Considering the passion for crustaceans and cricket on this island, it’s perhaps little wonder that these two worlds would combine at some point. And they did when two of Sri Lanka’s sporting heroes – batting partners and World Cup winners Kumar Sangakkara and Mahela Jayawarendene – decided to go into business with restaurateur Dharshan Munidasa. Together they opened Ministry of Crab, a seafood restaurant and culinary experience now recognised as one of the ‘World’s 50 Best Restaurants’, located 35km away in the Old Dutch Hospital in Colombo.

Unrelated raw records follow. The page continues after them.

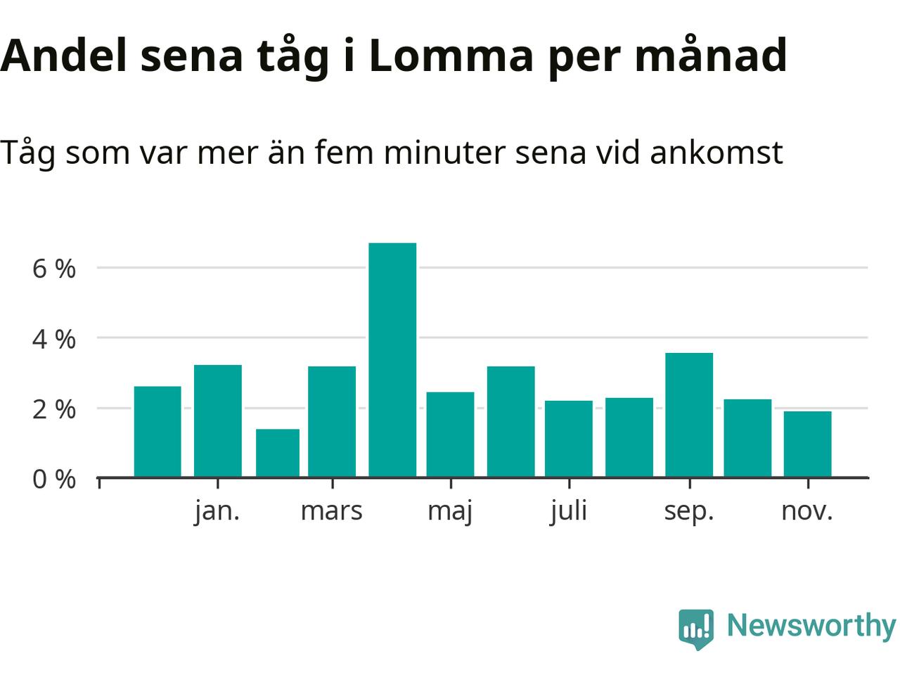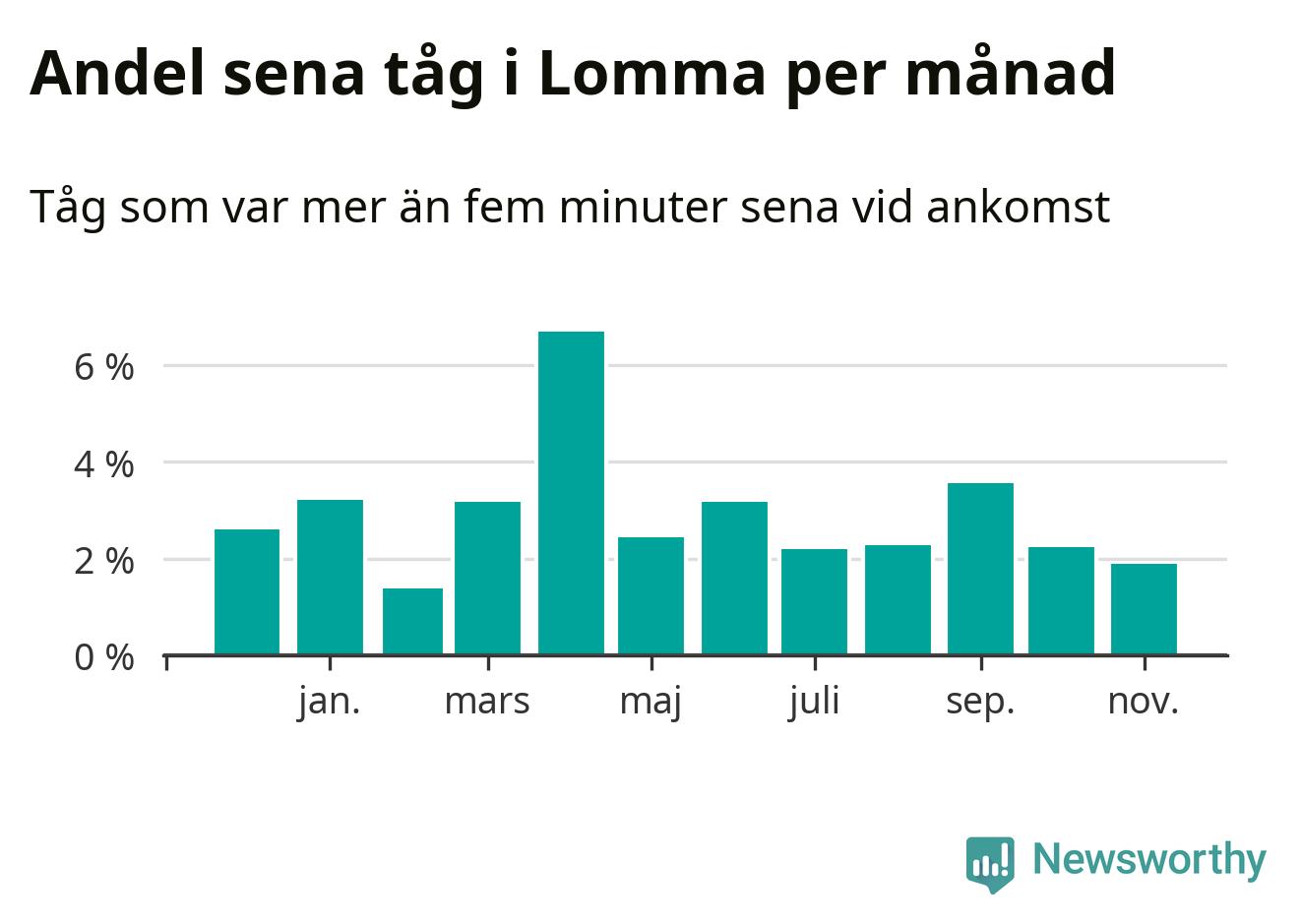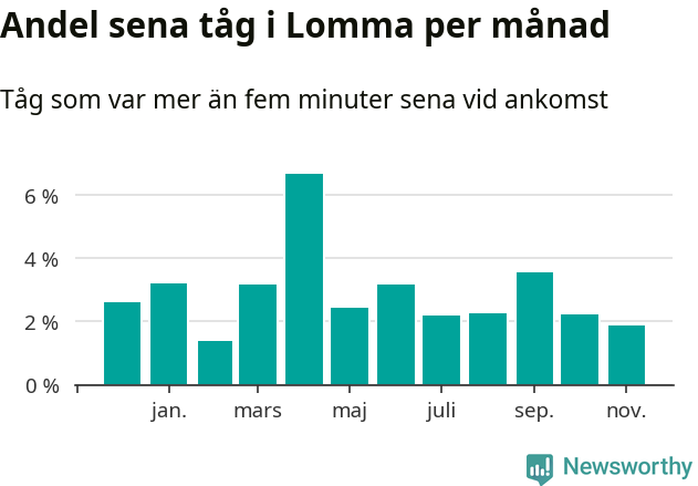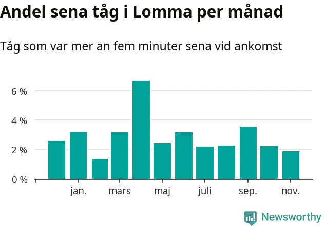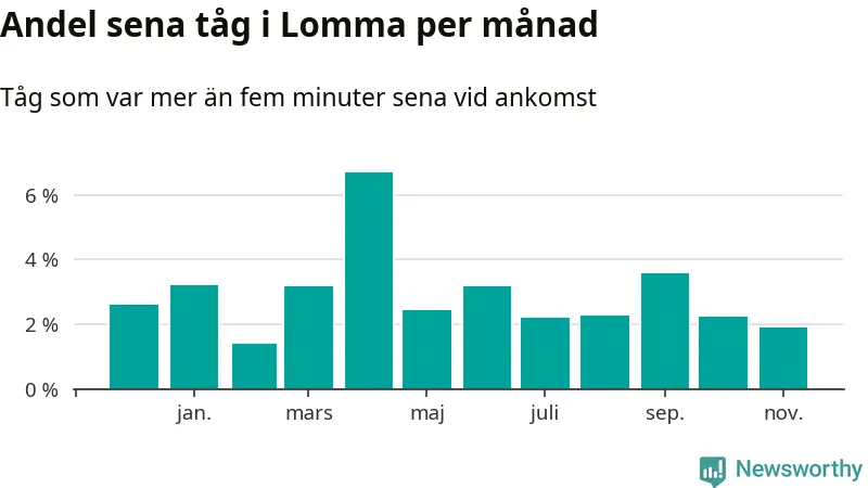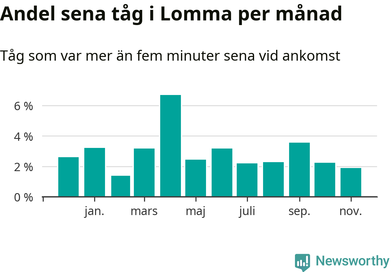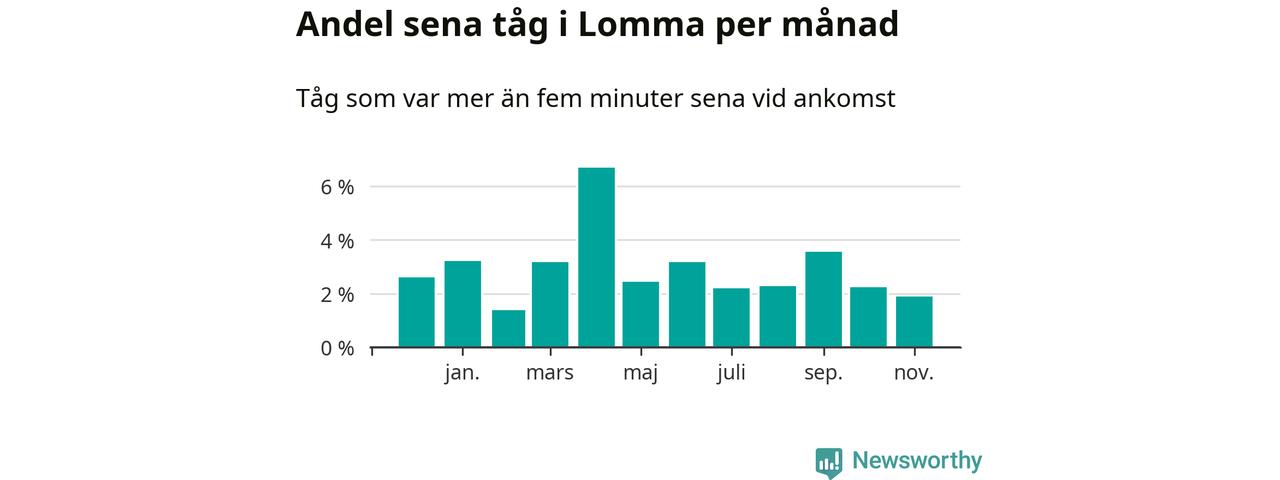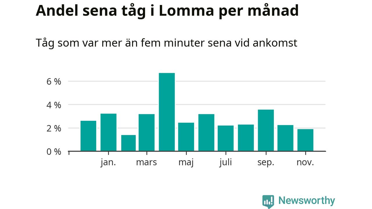 Den svenska järnvägsbranschen och Trafikverket har ett gemensamt mål om att 95 procent av tågen ska komma fram med högst fem minuters försening till sin slutstation. För Lommas del skulle man alltså kunna säga att tågtrafiken legat på rätt sida målgränsen det senaste året, även om det officiella punktlighetsmåttet (ankomst till slutstation) inte är rakt av jämförbart med det som används i den här artikeln (där vi tittar på alla tåg som passerar en station).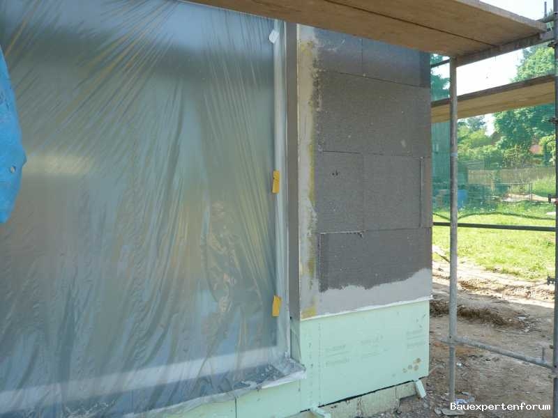 Da bin ich mir nicht ganz sicher. Glaube es wurden auf jede Platte fünf fette Punkte gemacht und um den Rand ne Wurst geschmiert! Aber manchmal wurde die Dämmplatte auch komplett vollgeschmiert. War leider nicht die ganze Zeit dabei und hab ja auch nie für möglich gehalten, das dies jemals eine Rolle spielt! :mauer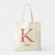 Elegant personalized floral monogram with the letter K decorated with beautiful pink roses. Custom name 'Kyla' in elegant script below. This feminine and romantic design is perfect for daily use or as a thoughtful personalized gift for birthdays, bridesmaids, or special occasions. High-quality canvas tote bag.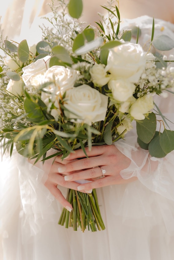 From the beginning, Courtney envisioned florals that were clean, soft, and natural. We leaned into a palette of white blooms paired with lush greenery, allowing texture and shape to create interest rather than bold color.
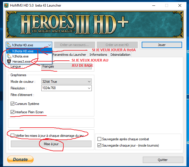 Ne pas faire de Mise à Jour de HOMM3 HD+ si vous souhaitez conserver une VF intégrale.
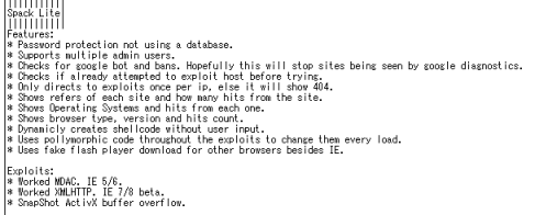 インジェクションでリダイレクトされる攻撃サイトに仕掛けられているスクリプトですが、exploit packとよばれるツールキットによって作成されていることが多いようです。それぞれのpackに添付されているコード、生成されるコードにぴったり一致するもの、一部だけ利用されているものなど明確にわかるサイトも多々あります。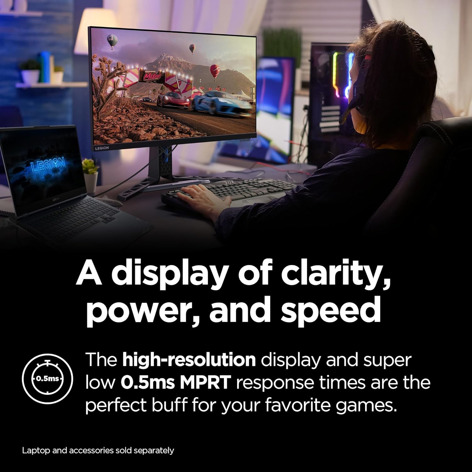 The Legion Y27h-30 monitor is designed for the creators and gamers who need high-end visual features to excel in their work and play. The 27” QHD display is crafted with a NearEdgeless frame for an immersive viewing experience. It supports 126% sRGB color area ratio, 95% DCI-P3 color gamut, Avg. Delta E<2, and DisplayHDR™ 400 to reproduces strikingly life-like imagery with insane color accuracy and depth. Motion-blur and ghosting are a thing of the past with an extreme 180Hz overclocked refresh rate and super low 0.5ms MPRT response time. The monitor comes preloaded with AMD FreeSync™ Premium for smoother, fluid gameplay without screen tearing or stuttering. The Legion Y27h-30 is designed for the busy multitasker and comes with with a USB Type-C port that allows you to display, connect, and charge your PC, phone or other devices. Enjoy prolonged gaming sessions in comfort with the ergonomic stand and built in Natural Low Blue Light technology that protects your eyes while retaining color fidelity. When you’re off the clock and ready to beat a new high score, Lenovo Artery software delivers built-in gaming tools and smart features to help you succeed. The Legion Y27h-30 monitor brings clarity, power, and speed to all of your creative endeavors.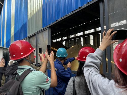 接着在宝武环科三位负责人的带领下,同学们参观了钢渣一次渣的厂房。在作业长的介绍下,同学们了解到宝武环科的钢渣一次处理工艺的原理、效果、环保优势等。在厂房里同学们也感受到了钢铁公司员工的劳动艰辛,正是他们的汗水与劳作为高楼、汽车、桥梁等提供了钢铁等重要物资来源。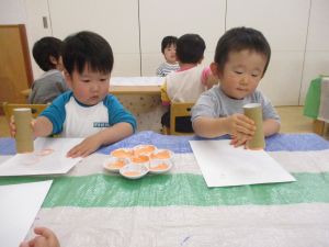 白い画用紙にトイレットペーパーの芯でスタンプをし、
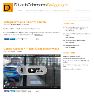My new blog is up. EduardoColmenares:DisAggregate is a site of my observations on security and privacy, wordpress hacking, and CSS. Go: EduardoColmenares:DisAggregate.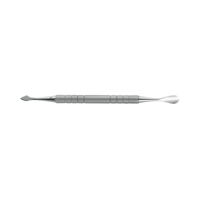 Praktisches Doppelinstrument aus Edelstahl: Nagelhautdrücker und -messer in einem.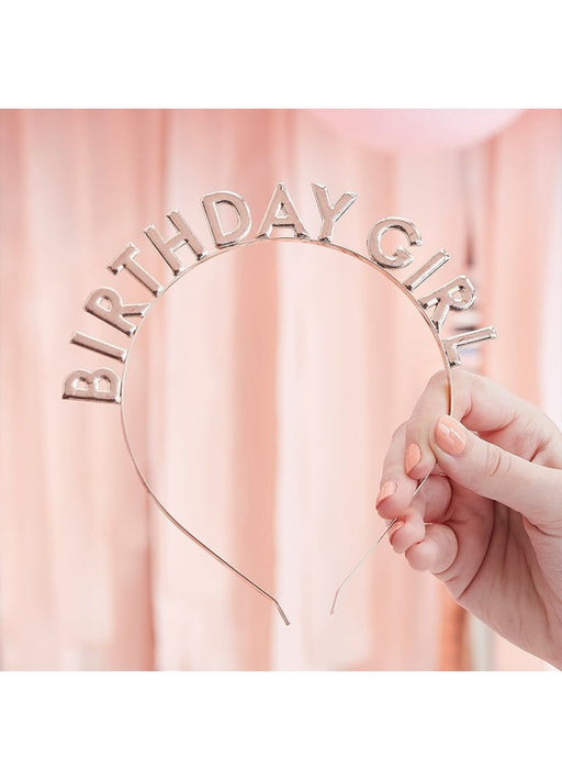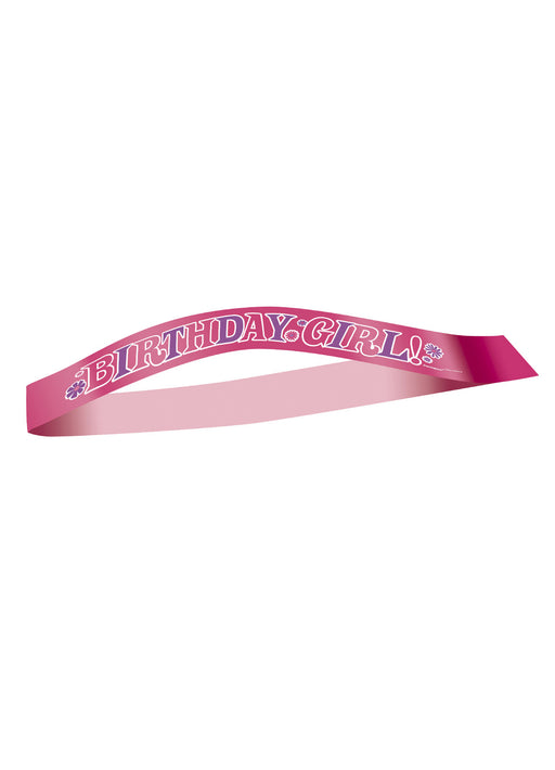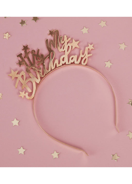 Rose gold foiled It's My Birthday sash measuring 75 cm by 10cm with pink ribbon tie.

Ministry of Crab was conceived to celebrate the quality of Sri Lanka’s seafood and ensure that the best lagoon crabs, like the pair I’d witnessed brought ashore in a canoe a couple of days ago, don’t just end up on a plane to Singapore. And thanks to the fishermen, travellers arriving or departing from Negombo now have the chance to appreciate these treasures in restaurants where only the freshest produce makes it onto your plate. But be warned, that lounger will almost certainly be required afterwards.

As the sun sets on my last night I think about how great it’s been to experience the people and the passions of this resort town, to meet the fisherman, sailors, chefs, and market traders and see the effort that goes into the supply chain from source to table. But this experience brings a moment of anxiety too. No matter where I go, and what I eat, I won’t experience seafood curries this delicious again. But that’s all the more reason to return.